Start of RAW DATA

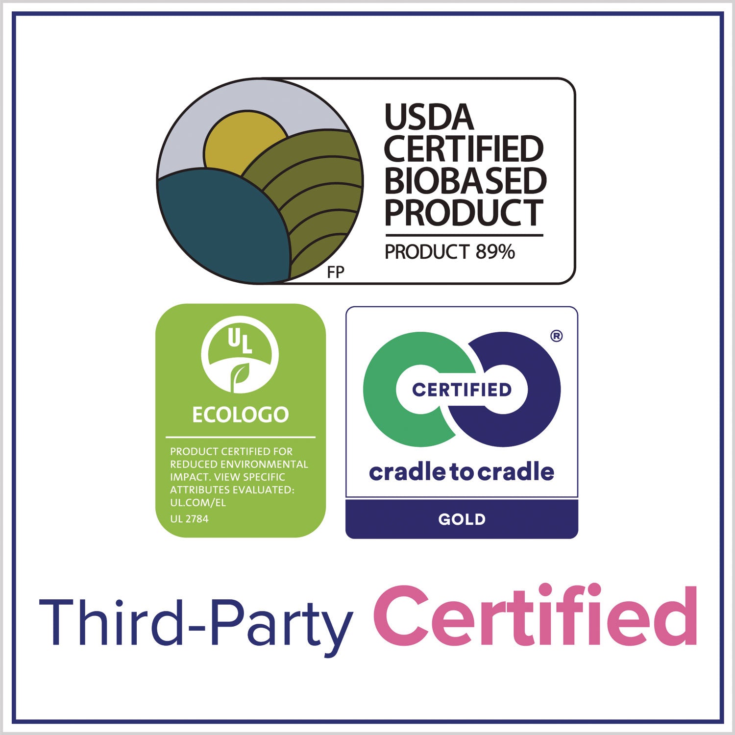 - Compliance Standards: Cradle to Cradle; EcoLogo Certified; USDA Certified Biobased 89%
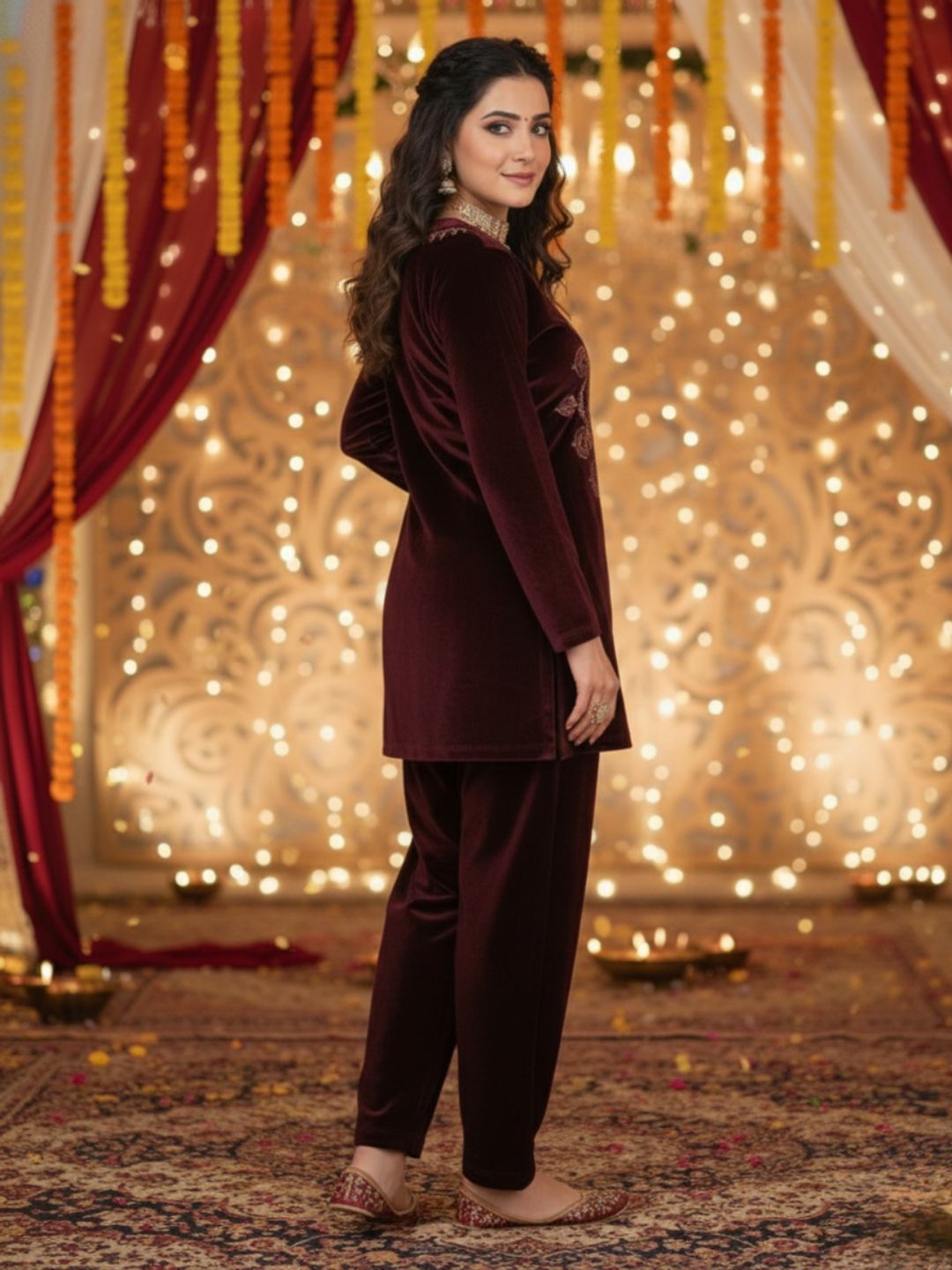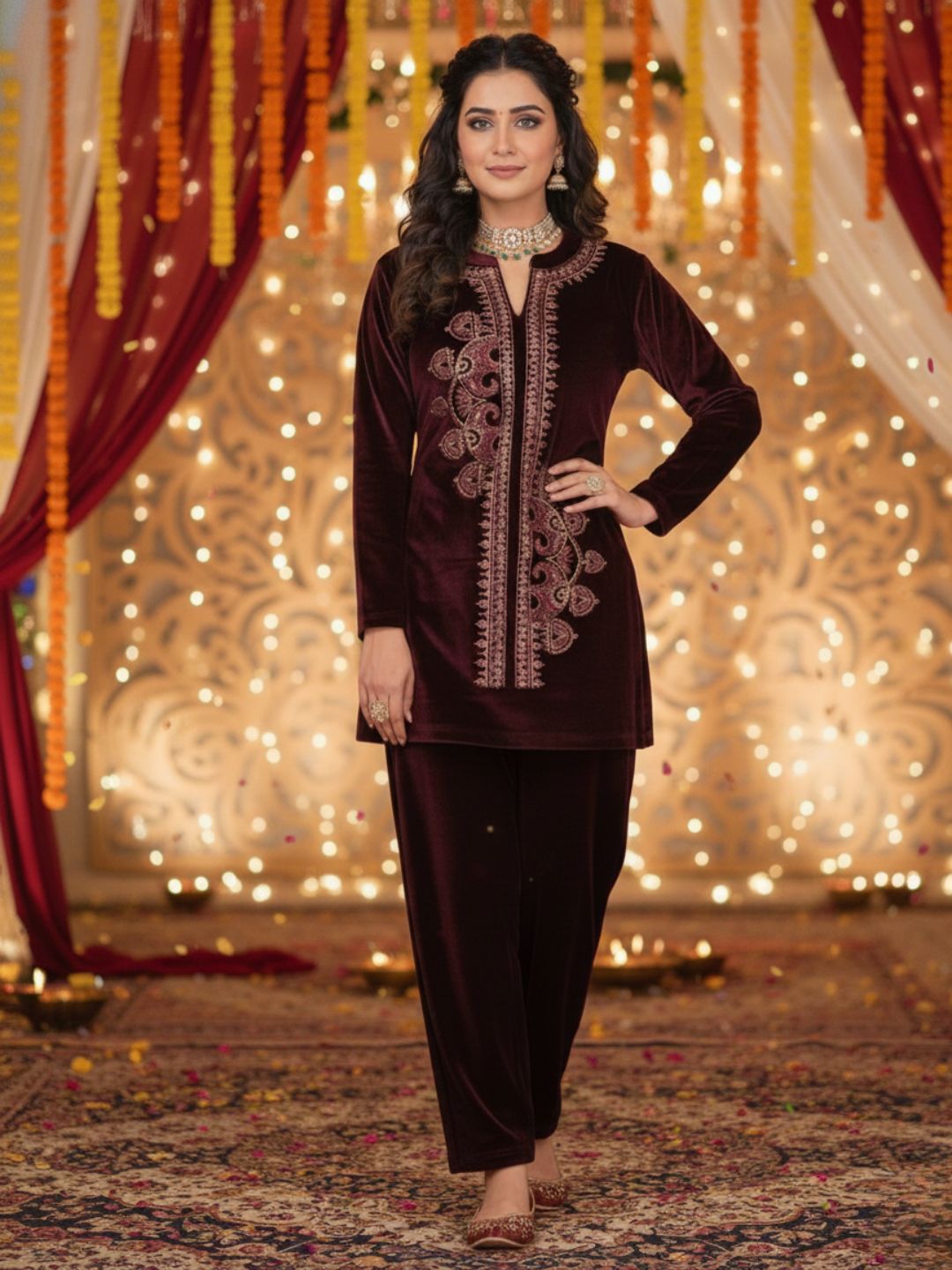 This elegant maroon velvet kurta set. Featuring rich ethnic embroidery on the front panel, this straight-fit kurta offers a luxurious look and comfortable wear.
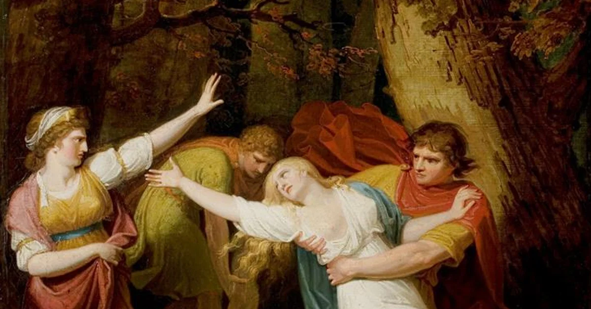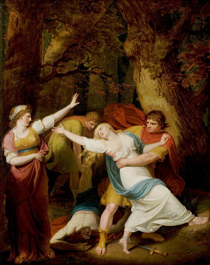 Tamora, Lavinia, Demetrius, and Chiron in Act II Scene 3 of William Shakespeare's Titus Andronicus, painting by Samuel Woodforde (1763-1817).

End of RAW DATA

A faithful copy of all the data above, without its pictures, is the expected result.

* ANSWER:
 - Compliance Standards: Cradle to Cradle; EcoLogo Certified; USDA Certified Biobased 89%
 This elegant maroon velvet kurta set. Featuring rich ethnic embroidery on the front panel, this straight-fit kurta offers a luxurious look and comfortable wear.
 Tamora, Lavinia, Demetrius, and Chiron in Act II Scene 3 of William Shakespeare's Titus Andronicus, painting by Samuel Woodforde (1763-1817).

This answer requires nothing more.